Abstract
Various philosophers including Bertrand Russell and Ludwig Wittgenstein have shared the view
that extra-linguistic reality and its nature are somehow linked with language. Given that language is
a medium of capturing the objective truth around us, it is possible that the formal logic of language
could also be inspired by how the world around us operates. Reality as we understand it, is a series of
continuous interactions between objects. These interactions are loosely referred to us by as events.
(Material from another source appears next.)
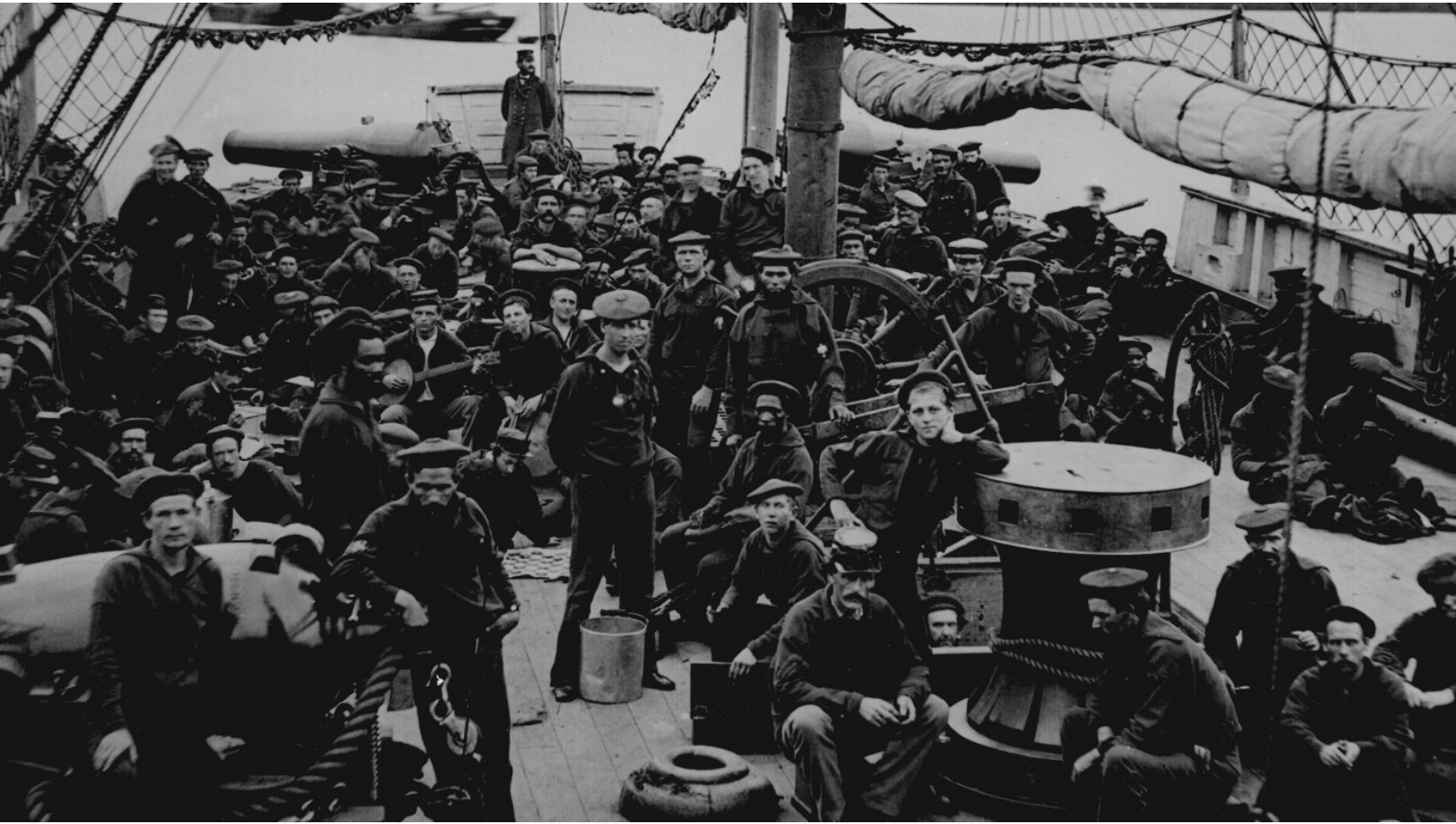
Civil War Bluejackets

With constant rise in content generated every day, it has become arduous task to keep track of all the
events happening in the real world. A major challenge information access tasks face is that they have
to deal with colossal amounts of unstructured data, i.e., data whose format loosely implies its meaning
described in a human understandable language. This makes understanding event mentions in text a key
problem in Natural Language Processing. Event detection is an important Natural Language Processing
and Information Retrieval problem, that has been extended to multiple domains and is now being tackled
for languages other than English.In this thesis, we address the problem of event detection in Hindi. Hindi, like many other languages
is an object-centric language that grounds a metaphysical system in objects, with sentence constructions
mainly describing the properties (state) of a noun or the interaction between these nouns. If we were
to use Hindi to define the nature of being, real world events would be formally captured as a series of
interactions between nouns. We are further motivated by the fact that, in the past few years, the doctrine
that actions are events has become an essential, and sometimes an unargued part of the received view
in the philosophy of action, despite the efforts of a few philosophers to undermine the consensus. This
task is an important one given the constant rise in volume of Hindi data being produced and consumed.
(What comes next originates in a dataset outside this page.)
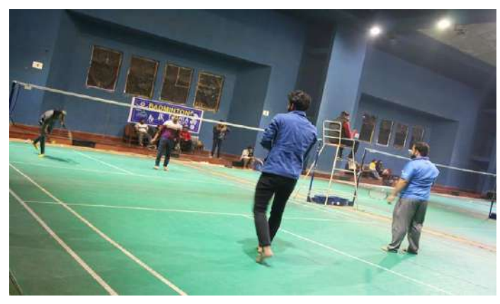
Athletes in Badmintiont in Ashtavakra Sports Meet 2020

A recent report shows that Hindi content consumption on the web is growing at a rate of 94% per year
as compared to English’s 19%1
.
Given a low resource language like Hindi, with abundance in unstructured text, we believe leveraging systems to automatically detect events in unstructured texts can enable significant advances in the
performance of various information access tasks. The task of event detection in Hindi is relatively unexplored, partly because of syntactic features such as relative free word order and nature of verb adjuncts
and partly due to the lack of structured data in Hindi. These properties of Hindi, increase the number of
options available for expressing structured information, hence significantly complicating how chunks of
text can be semantically interpreted.From the perspective of extracting latent information, defining events as semantico-syntactic objects allows for extracting relations between both events and entities, that are not explicitly mentioned.
The extracted event information can then be readily consumed by downstream tasks such as Question
Answering, Summarization and Knowledge Graph generation.
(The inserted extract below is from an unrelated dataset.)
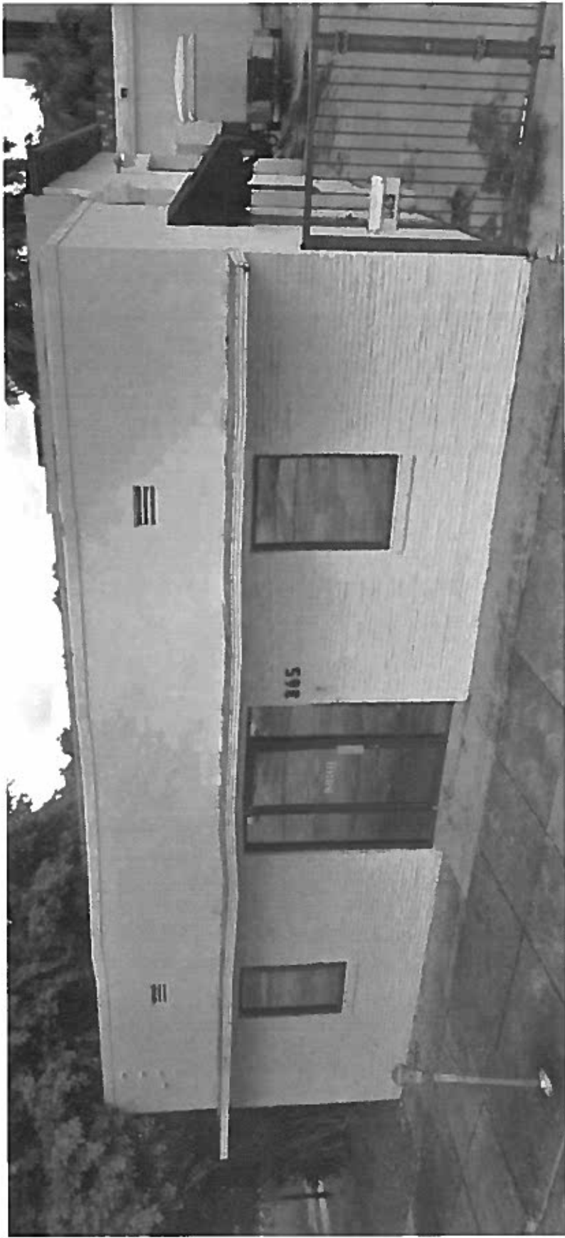
365 Greco Ave

The initial work presented in this thesis is directed towards tackling two major challenges. The
primary being understanding how event mentions are captured in Hindi. This task, motivated by the
interesting property of Hindi, where the syntax of the sentence is influenced by the event-semantics,
becomes a compelling one. The observations of our studies are captured and formulated as two documents (annotation guidelines and annotation specifications) that allow accurate identification of event
mentions in Hindi text.
The second challenge we tackle is that of automating the task of event mention detection in Hindi
texts. In order to kickstart exploration in the domain of machine learning approaches, we build and
publish the largest event annotated dataset for Hindi. Our research sheds lights on the various possible
methods to automate event detection in Hindi texts and compares the impact of techniques built on top
of and without hand-crafted features.
Machine learning techniques for automated event-detection have advanced fairly owing to the current
rise in introduction and adoption of sophisticated neural architectures. However, these architectures are
plagued by biases in opportunistically collected data sets for major languages. As a result of this, there
is little to no progress in development of resources and solutions for low resource languages. Driven by
this motivation, the final part of work attempts to tackle this by introducing an architecture, the MultiLingual Sequence Tagger (M-LiST) capable of training on a combination of four monolingual datasets
and attaining state of the art performance for open domain event detection on the in three languages and current best performance for one of the languages.